Work task: Output the records, every one, exactly as given.
-------
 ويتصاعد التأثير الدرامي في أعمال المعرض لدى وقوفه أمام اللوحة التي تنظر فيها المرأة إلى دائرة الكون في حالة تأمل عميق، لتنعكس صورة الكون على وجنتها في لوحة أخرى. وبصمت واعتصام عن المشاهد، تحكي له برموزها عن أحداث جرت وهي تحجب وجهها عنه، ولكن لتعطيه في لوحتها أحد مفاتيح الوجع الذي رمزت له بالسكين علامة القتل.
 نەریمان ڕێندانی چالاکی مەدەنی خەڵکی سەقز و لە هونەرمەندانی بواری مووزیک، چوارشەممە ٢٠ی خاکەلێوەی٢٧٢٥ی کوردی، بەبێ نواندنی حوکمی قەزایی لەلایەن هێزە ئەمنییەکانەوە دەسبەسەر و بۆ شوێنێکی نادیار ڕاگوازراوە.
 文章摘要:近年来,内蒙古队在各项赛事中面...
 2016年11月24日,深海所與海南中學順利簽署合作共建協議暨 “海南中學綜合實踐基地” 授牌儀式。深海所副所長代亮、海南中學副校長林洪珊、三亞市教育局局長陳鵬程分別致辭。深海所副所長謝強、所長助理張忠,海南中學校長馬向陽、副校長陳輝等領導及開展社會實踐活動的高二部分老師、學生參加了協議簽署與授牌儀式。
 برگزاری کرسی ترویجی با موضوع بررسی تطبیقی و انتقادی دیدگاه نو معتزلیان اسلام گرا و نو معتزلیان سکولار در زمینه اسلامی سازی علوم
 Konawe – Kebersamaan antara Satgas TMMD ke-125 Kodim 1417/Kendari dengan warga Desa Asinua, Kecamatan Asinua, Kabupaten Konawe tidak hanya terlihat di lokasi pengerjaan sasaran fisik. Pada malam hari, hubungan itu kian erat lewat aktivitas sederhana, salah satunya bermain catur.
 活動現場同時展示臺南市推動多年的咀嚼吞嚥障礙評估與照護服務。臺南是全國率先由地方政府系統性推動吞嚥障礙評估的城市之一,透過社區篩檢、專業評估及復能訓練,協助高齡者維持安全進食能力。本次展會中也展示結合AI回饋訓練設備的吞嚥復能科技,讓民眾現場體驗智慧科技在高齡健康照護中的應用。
-------
Response for this exercise:
 ويتصاعد التأثير الدرامي في أعمال المعرض لدى وقوفه أمام اللوحة التي تنظر فيها المرأة إلى دائرة الكون في حالة تأمل عميق، لتنعكس صورة الكون على وجنتها في لوحة أخرى. وبصمت واعتصام عن المشاهد، تحكي له برموزها عن أحداث جرت وهي تحجب وجهها عنه، ولكن لتعطيه في لوحتها أحد مفاتيح الوجع الذي رمزت له بالسكين علامة القتل.
 نەریمان ڕێندانی چالاکی مەدەنی خەڵکی سەقز و لە هونەرمەندانی بواری مووزیک، چوارشەممە ٢٠ی خاکەلێوەی٢٧٢٥ی کوردی، بەبێ نواندنی حوکمی قەزایی لەلایەن هێزە ئەمنییەکانەوە دەسبەسەر و بۆ شوێنێکی نادیار ڕاگوازراوە.
 文章摘要:近年来,内蒙古队在各项赛事中面...
 2016年11月24日,深海所與海南中學順利簽署合作共建協議暨 “海南中學綜合實踐基地” 授牌儀式。深海所副所長代亮、海南中學副校長林洪珊、三亞市教育局局長陳鵬程分別致辭。深海所副所長謝強、所長助理張忠,海南中學校長馬向陽、副校長陳輝等領導及開展社會實踐活動的高二部分老師、學生參加了協議簽署與授牌儀式。
 برگزاری کرسی ترویجی با موضوع بررسی تطبیقی و انتقادی دیدگاه نو معتزلیان اسلام گرا و نو معتزلیان سکولار در زمینه اسلامی سازی علوم
 Konawe – Kebersamaan antara Satgas TMMD ke-125 Kodim 1417/Kendari dengan warga Desa Asinua, Kecamatan Asinua, Kabupaten Konawe tidak hanya terlihat di lokasi pengerjaan sasaran fisik. Pada malam hari, hubungan itu kian erat lewat aktivitas sederhana, salah satunya bermain catur.
 活動現場同時展示臺南市推動多年的咀嚼吞嚥障礙評估與照護服務。臺南是全國率先由地方政府系統性推動吞嚥障礙評估的城市之一,透過社區篩檢、專業評估及復能訓練,協助高齡者維持安全進食能力。本次展會中也展示結合AI回饋訓練設備的吞嚥復能科技,讓民眾現場體驗智慧科技在高齡健康照護中的應用。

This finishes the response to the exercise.